**Given material**
|---|

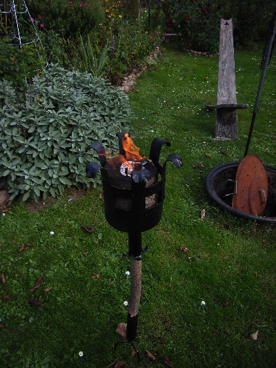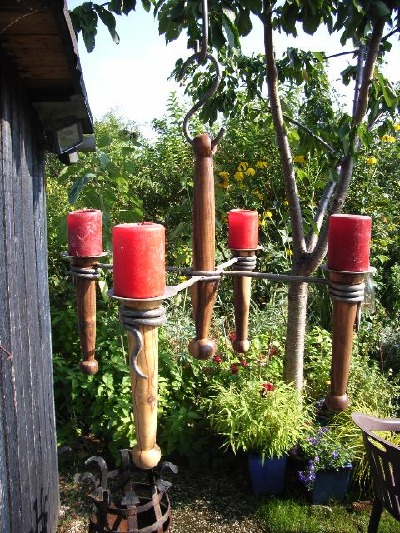 Kerzenleuchter in geschmiedetem eisen und Holz vom Goldregen
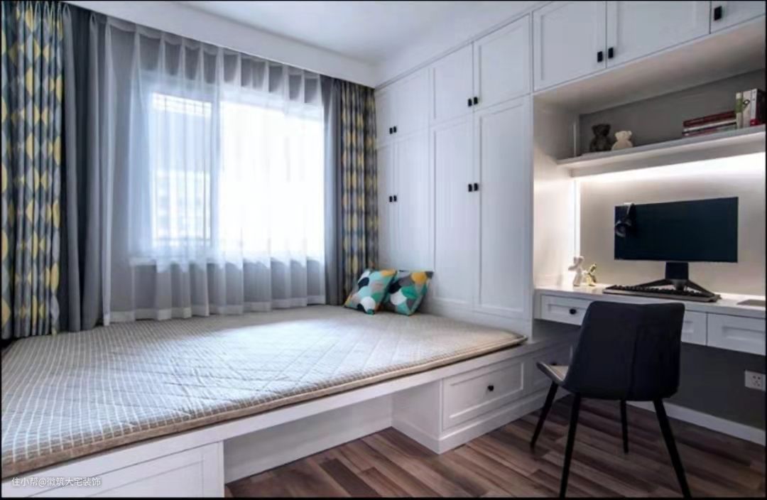 由于地台主要是用木材搭建的,内部为空,所以它的收纳力非常强大,一半可以设计侧边抽屉或内置隔断来储物(侧边抽屉对空间利用率更高)对于空间有限的家庭,扩大了储物能力。
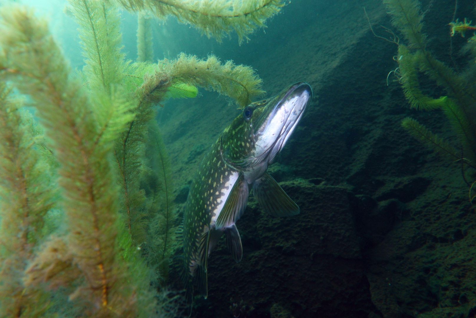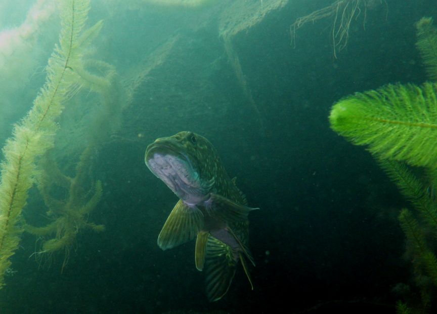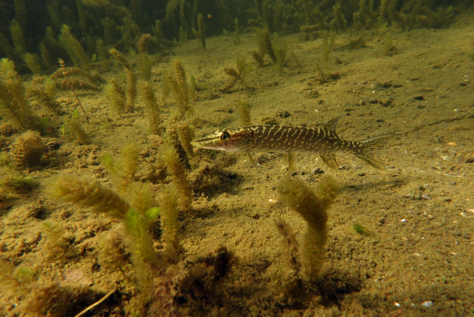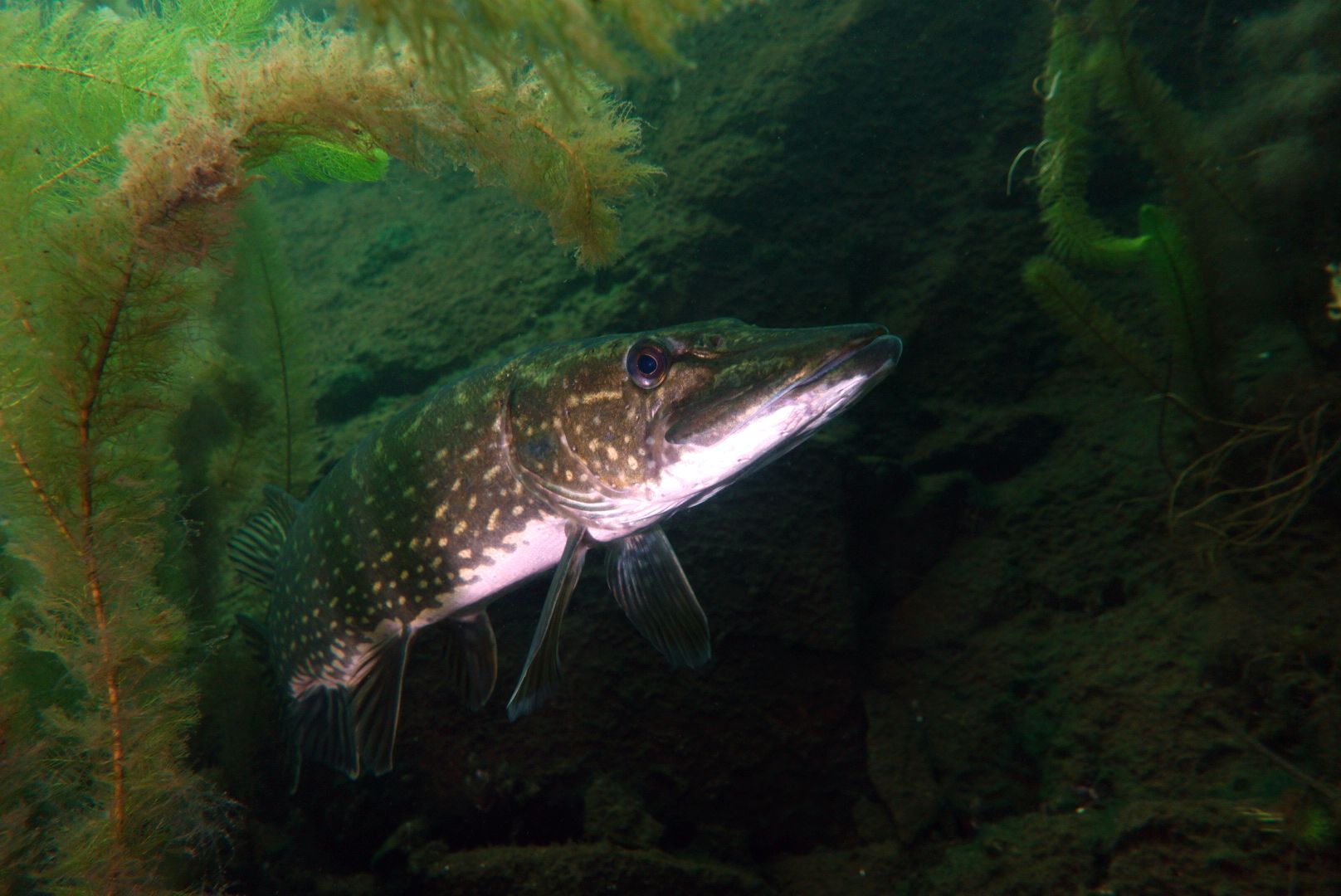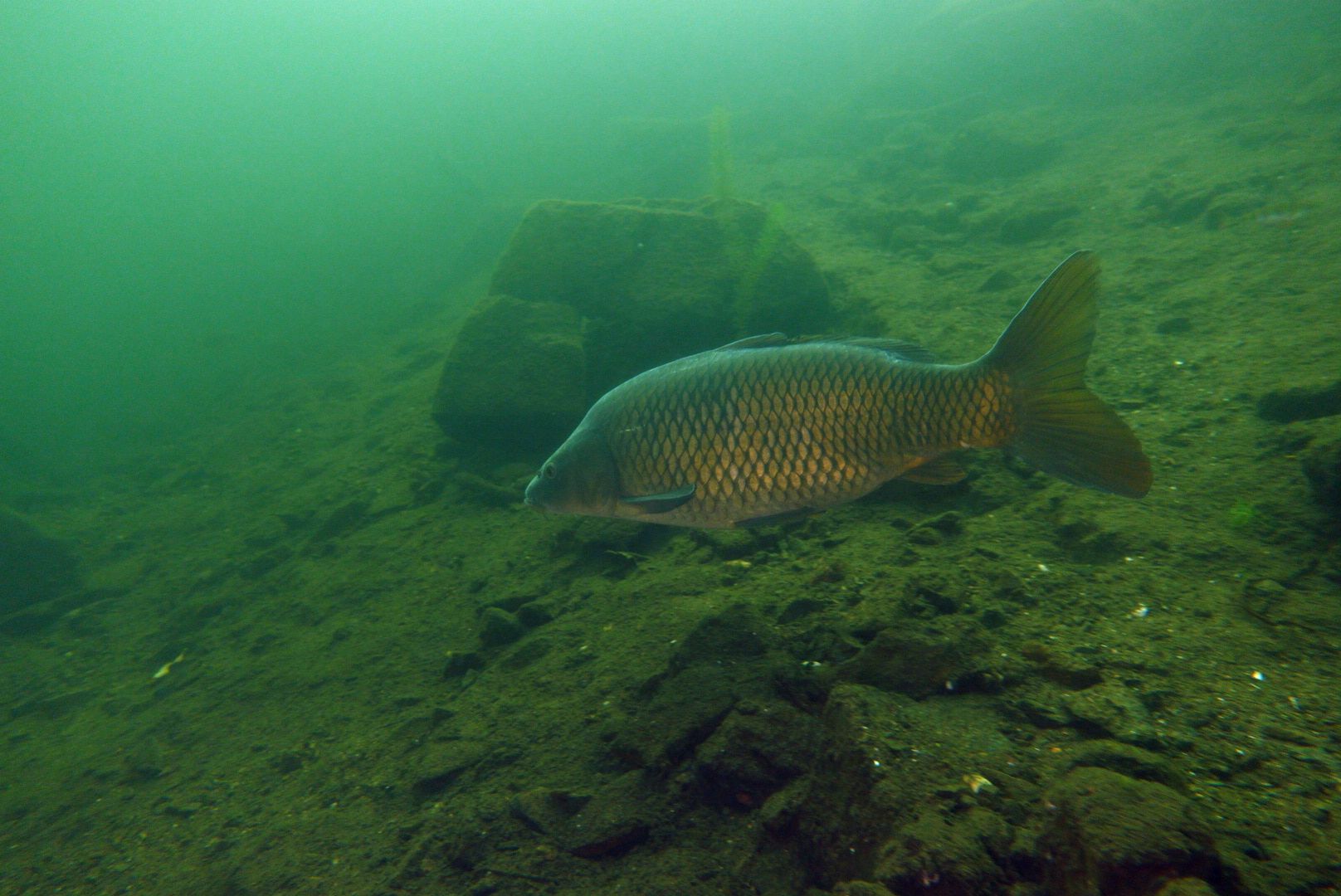 Ansonsten wenig überraschendes - ein fetter Karpfen, zwei kuschelnde Karpfen, Wassermilben, mehrere Hechte und viel Schwarmfisch.

|---|

**Required action**
Leave the pictures out. Otherwise, output the listing above exactly.

**Your response**
 Kerzenleuchter in geschmiedetem eisen und Holz vom Goldregen
 由于地台主要是用木材搭建的,内部为空,所以它的收纳力非常强大,一半可以设计侧边抽屉或内置隔断来储物(侧边抽屉对空间利用率更高)对于空间有限的家庭,扩大了储物能力。
 Ansonsten wenig überraschendes - ein fetter Karpfen, zwei kuschelnde Karpfen, Wassermilben, mehrere Hechte und viel Schwarmfisch.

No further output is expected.